When I decided to ditch a successful career in the Air Force to go to law school in 1994, and couldn’t afford a house, Mom was the one who stepped up to cosign on the note and mortgage so I’d have a place to live. When I went through that phase when I thought I’d rather write papers and teach business law than actually practice business law, Mom never wavered in her support for that crazy idea. School and education were always presumptively a good thing.


Much later this focus on education even colored our faith walk. Around the time Mom and Bobby were ensconcing themselves in this church community, I wrestled with call and ended up in seminary. And Mom joined in that journey, remotely from Texas, by learning with me—if I stumbled on some interesting theological cul-de-sac based on a new translation of the New Testament, we pondered over it on our Sunday afternoon calls. I sent her Bart Ehrmann’s analysis of what scripture never made it into the Bible and why. She sent me the works of scholars who didn’t treat these questions of religious faith as such a left brain, analytical exercise as I tended to make it. Her Franciscan to my Jesuit. In the end, her faith walk carried her through some extremely difficult times as her health failed and her world got smaller. Mine led out the church door, I reckon.


It doesn’t matter who got it right. The important thing is that we studied and pondered and debated the ideas that shaped our lives, from the first time she put a book in front of her three year old son through the very end of our time together. It was our common thread.

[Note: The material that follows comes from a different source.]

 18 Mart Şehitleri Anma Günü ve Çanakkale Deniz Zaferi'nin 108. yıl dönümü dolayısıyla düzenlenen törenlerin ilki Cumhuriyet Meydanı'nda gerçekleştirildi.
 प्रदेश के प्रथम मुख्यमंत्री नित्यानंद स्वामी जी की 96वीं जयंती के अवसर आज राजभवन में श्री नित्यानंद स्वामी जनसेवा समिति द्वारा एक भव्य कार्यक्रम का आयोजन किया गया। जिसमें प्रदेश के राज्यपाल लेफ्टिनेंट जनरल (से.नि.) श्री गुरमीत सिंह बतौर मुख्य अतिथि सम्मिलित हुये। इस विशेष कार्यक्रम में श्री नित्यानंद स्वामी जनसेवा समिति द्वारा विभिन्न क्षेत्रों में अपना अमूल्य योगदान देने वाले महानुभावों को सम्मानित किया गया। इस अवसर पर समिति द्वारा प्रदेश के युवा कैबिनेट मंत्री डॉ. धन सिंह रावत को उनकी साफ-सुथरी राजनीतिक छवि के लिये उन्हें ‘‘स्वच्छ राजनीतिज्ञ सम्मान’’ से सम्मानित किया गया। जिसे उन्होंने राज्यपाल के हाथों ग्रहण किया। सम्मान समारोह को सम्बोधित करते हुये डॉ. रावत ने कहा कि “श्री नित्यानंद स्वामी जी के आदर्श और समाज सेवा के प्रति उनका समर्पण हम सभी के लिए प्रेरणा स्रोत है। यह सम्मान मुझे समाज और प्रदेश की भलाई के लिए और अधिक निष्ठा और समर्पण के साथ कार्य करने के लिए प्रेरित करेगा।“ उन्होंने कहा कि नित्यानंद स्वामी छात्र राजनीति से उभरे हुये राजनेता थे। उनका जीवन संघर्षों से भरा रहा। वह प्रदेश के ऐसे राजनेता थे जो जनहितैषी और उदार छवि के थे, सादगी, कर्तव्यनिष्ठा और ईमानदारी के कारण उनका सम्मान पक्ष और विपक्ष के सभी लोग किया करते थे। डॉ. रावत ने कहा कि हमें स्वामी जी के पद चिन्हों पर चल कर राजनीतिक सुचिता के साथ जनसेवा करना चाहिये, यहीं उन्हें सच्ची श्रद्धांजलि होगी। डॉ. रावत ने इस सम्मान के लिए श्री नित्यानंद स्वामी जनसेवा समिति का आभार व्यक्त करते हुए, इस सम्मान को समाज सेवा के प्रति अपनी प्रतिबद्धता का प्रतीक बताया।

Which was, I guess, part of our system of mutual support. Mom wasn’t much past twenty when I was born; we basically grew up together. Dad was gone most of every week for work, and to the extent I look back on an ideal childhood it was the time the three of us spent together-Mom, Katie, and me—that provided the memories.


Mom disciplined a little, and loved a lot.

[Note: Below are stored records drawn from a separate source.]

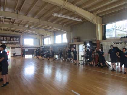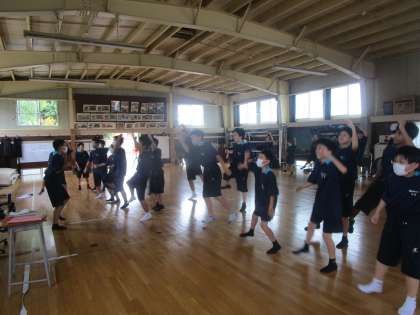 1年2組 保健体育 公開日 2023/09/14 更新日 2023/09/14 1学年 9月14日(木)5限 1年2組の保健体育は、武道館でダンスをしました。みんなでジャンボリーミッキーを踊りました。体育大会に向けて先輩方と団演技してくれることを願って、特別に1時間、1年生にダンスの楽しさを体感してもらうために行いました。それぞれの団で先輩と思い出に残るダンスにしてくれることを期待しています。
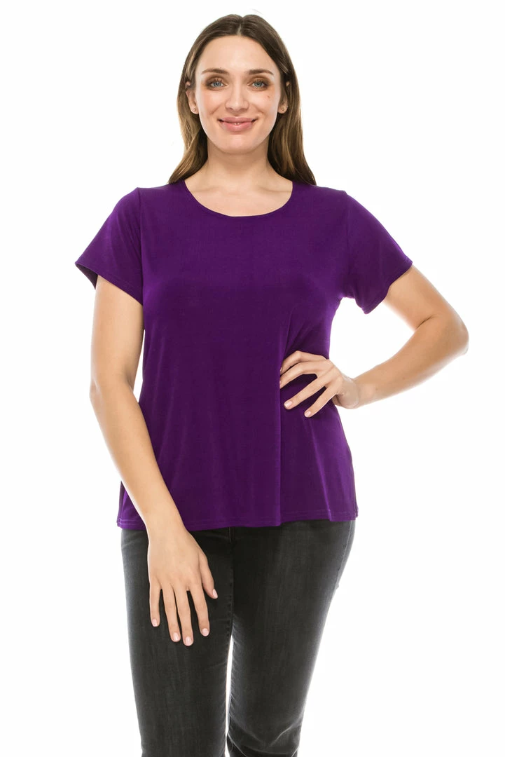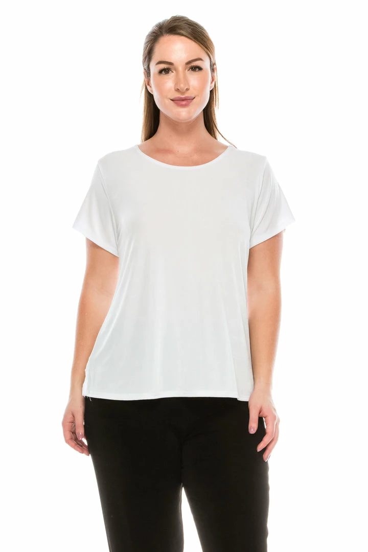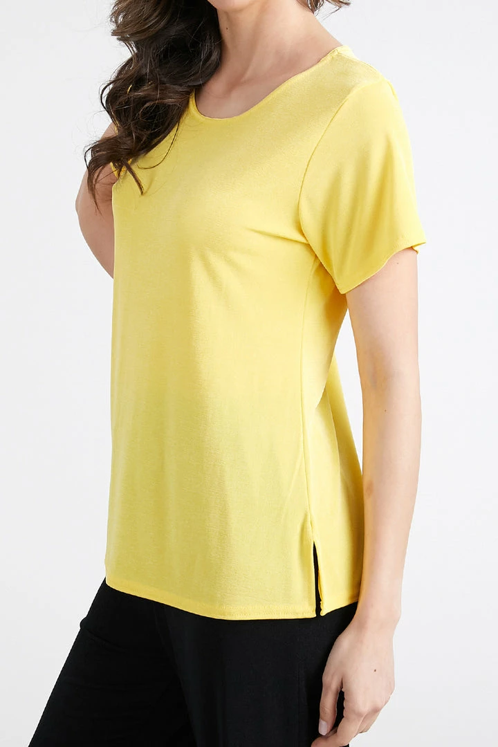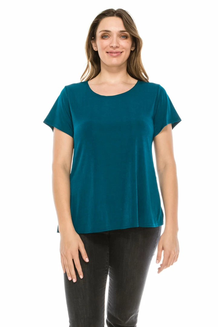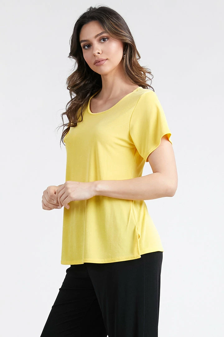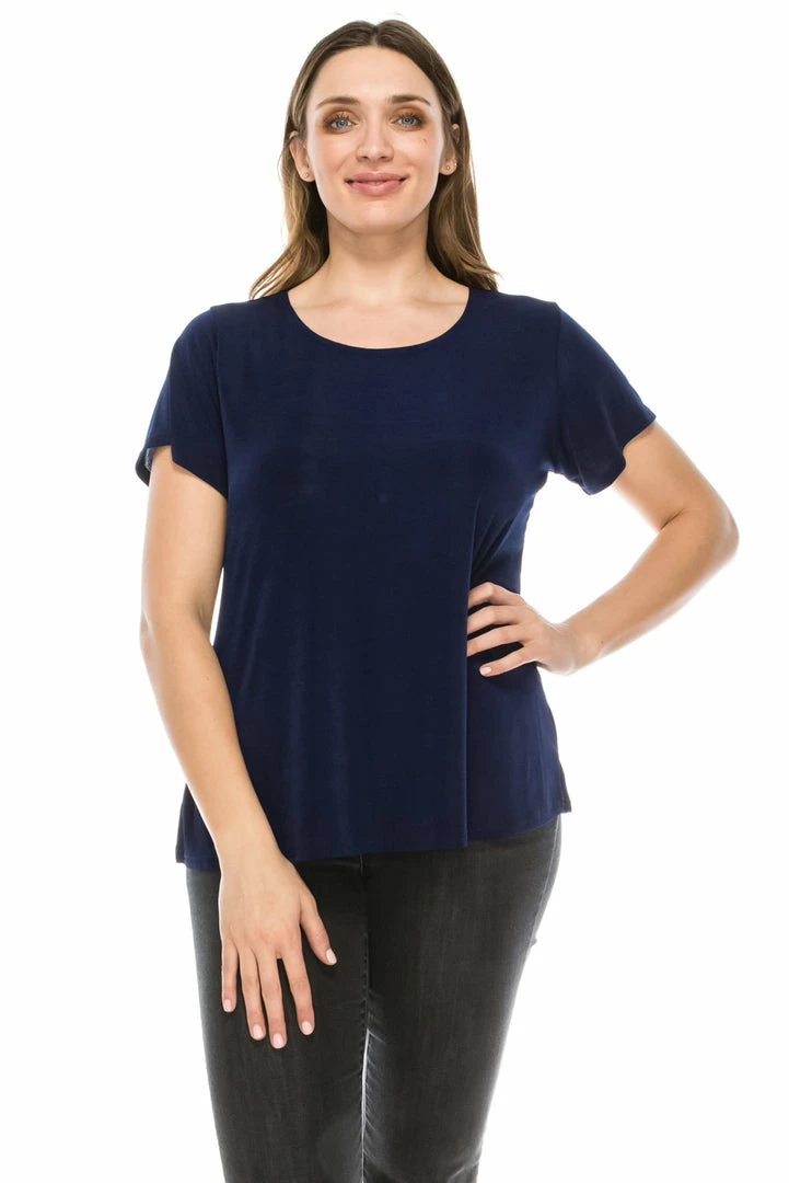 - Short sleeves and soft round-neckline with side vents at bottom hem.
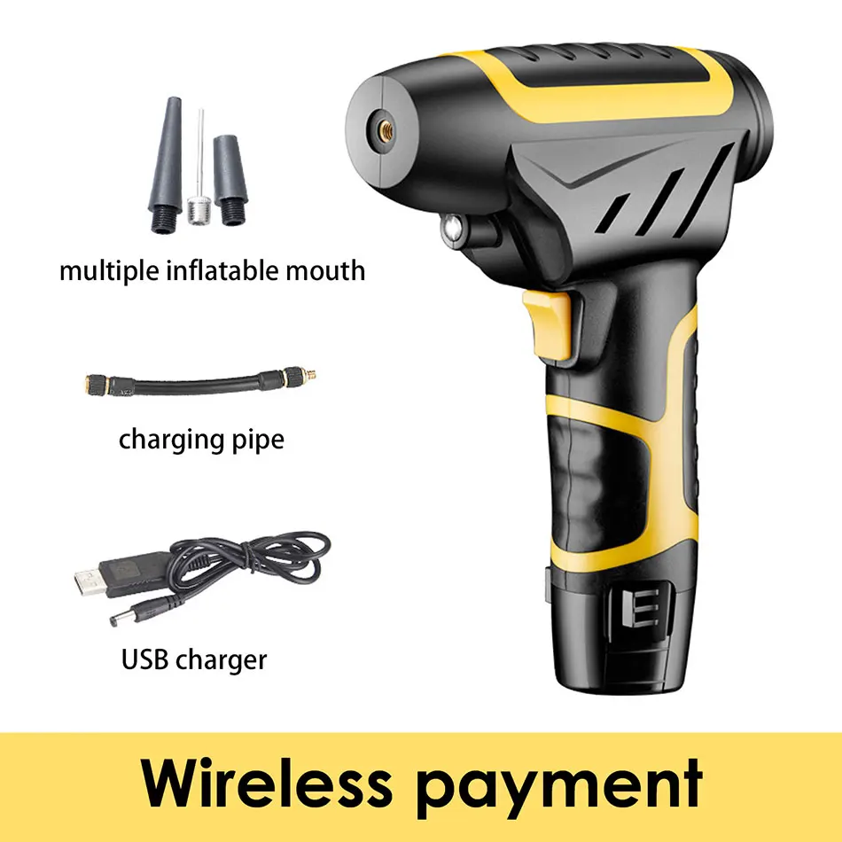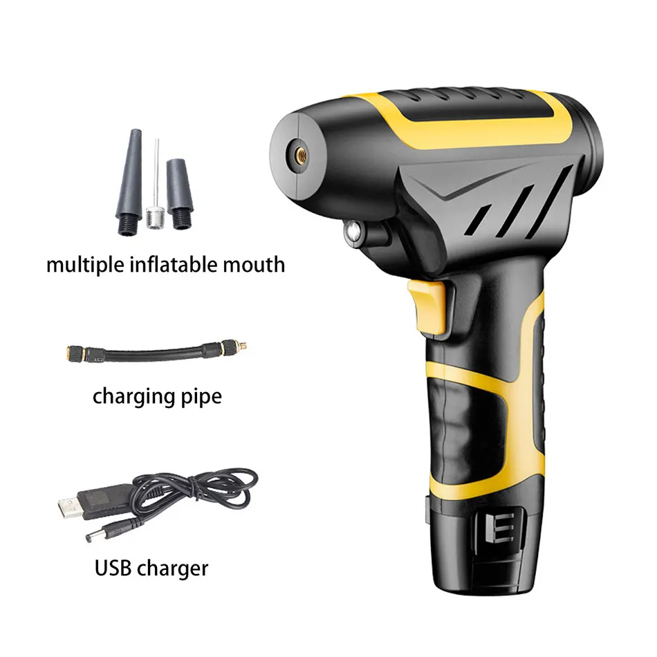 • Надувное устройство-1 шт. • Аккумулятор-1 шт. • 1 usb-кабель для зарядки • 1 надувная трубка • Многофункциональное газовое сопло-1 шт.

And we had each other’s back (this would be Point Three, for those keeping track), sometimes literally in the sense that she found herself standing between me and danger, and I did the same for her, during some crazy times in our house growing up. We always protected each other, always stood up for each other. In that way, again, I was really grateful when Bobby came into the picture, and I knew Mom was always going to be safe, to be okay.


Neither Katie nor I ever spent much time broke and worried when we first started out in the world, because she bailed us out more than once. With no strings attached.

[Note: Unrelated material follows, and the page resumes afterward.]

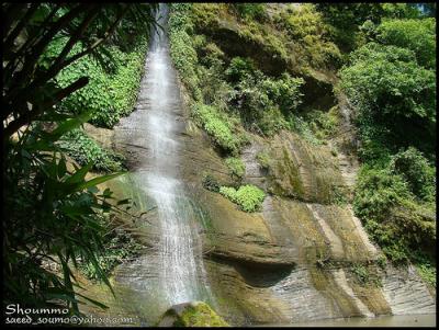 শ্যাওলা ধরা রহস্যময়ী অরণ্যের পাথুরে বিছানা ভেদ করে নামছে জলস্রোত।
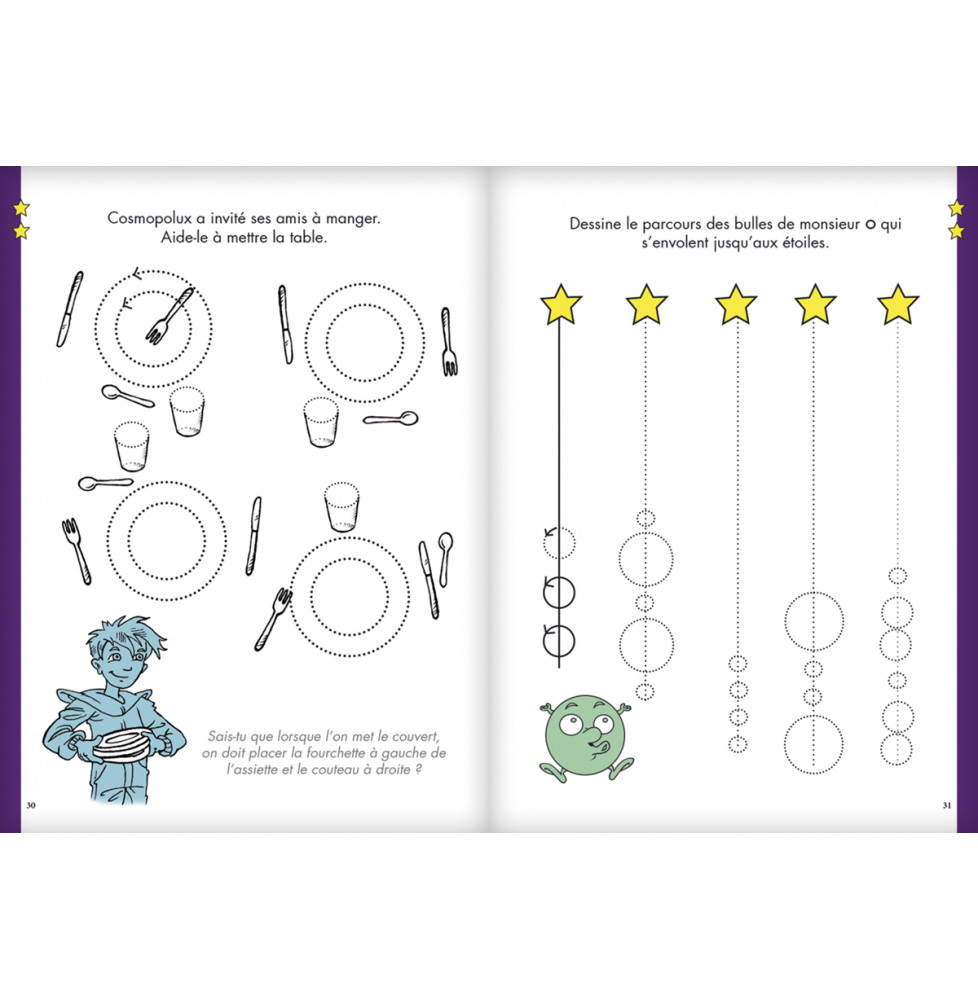 De plus, Mon cahier de graphisme propose des activités dont le niveau est progressif, avec un ordre de difficulté de 1 à 3 étoiles, pour que l’enfant puisse progresser à son rythme.

Perhaps the thing I’m most grateful for, as I look back on our life together, was how she reacted when I called with the rather awkward news that a very long marriage had ended, and I was in love for the first time in my life. Mom had been on the most painful end of a story with some of the same elements, decades ago. How would she react?


Well, how would you expect? She extended nothing but grace and love to me at a moment when I was most vulnerable, then went beyond that by welcoming Peg into the family with open arms and an enthusiasm that wasn’t feigned. She loved Peg, and one of her happiest days was spent a little over five years ago, the day she met Peg and drove her around McKinney and out to a ladies’ lunch in the old downtown. I was afraid of being a pariah; instead, Peg immediately became a beloved daughter-in-law.


That was Mom. There’s a whole soundtrack in my life that will always be her. I’m hoping I picked up a little of the grit she showed to pull herself out of what could have been an early life disaster and ready excuse for a mediocre life, and instead go on to lecture and write books and hug the necks of who knows how many kids she helped become their best selves. There’s the person who was my best friend for so, so many years, who was my sister’s best friend right up until Kate returned the love by helping take care of Mom when she could no longer take care of herself.


I’ve not scratched the surface here of the person we all knew and loved, each with our own story of how she made our lives better. I wish I’d done better up here, but I had to at least try. I owed that to Mom.


-Eulogy delivered 8.26.23 at Trinity Presbyterian Church, McKinney, Texas.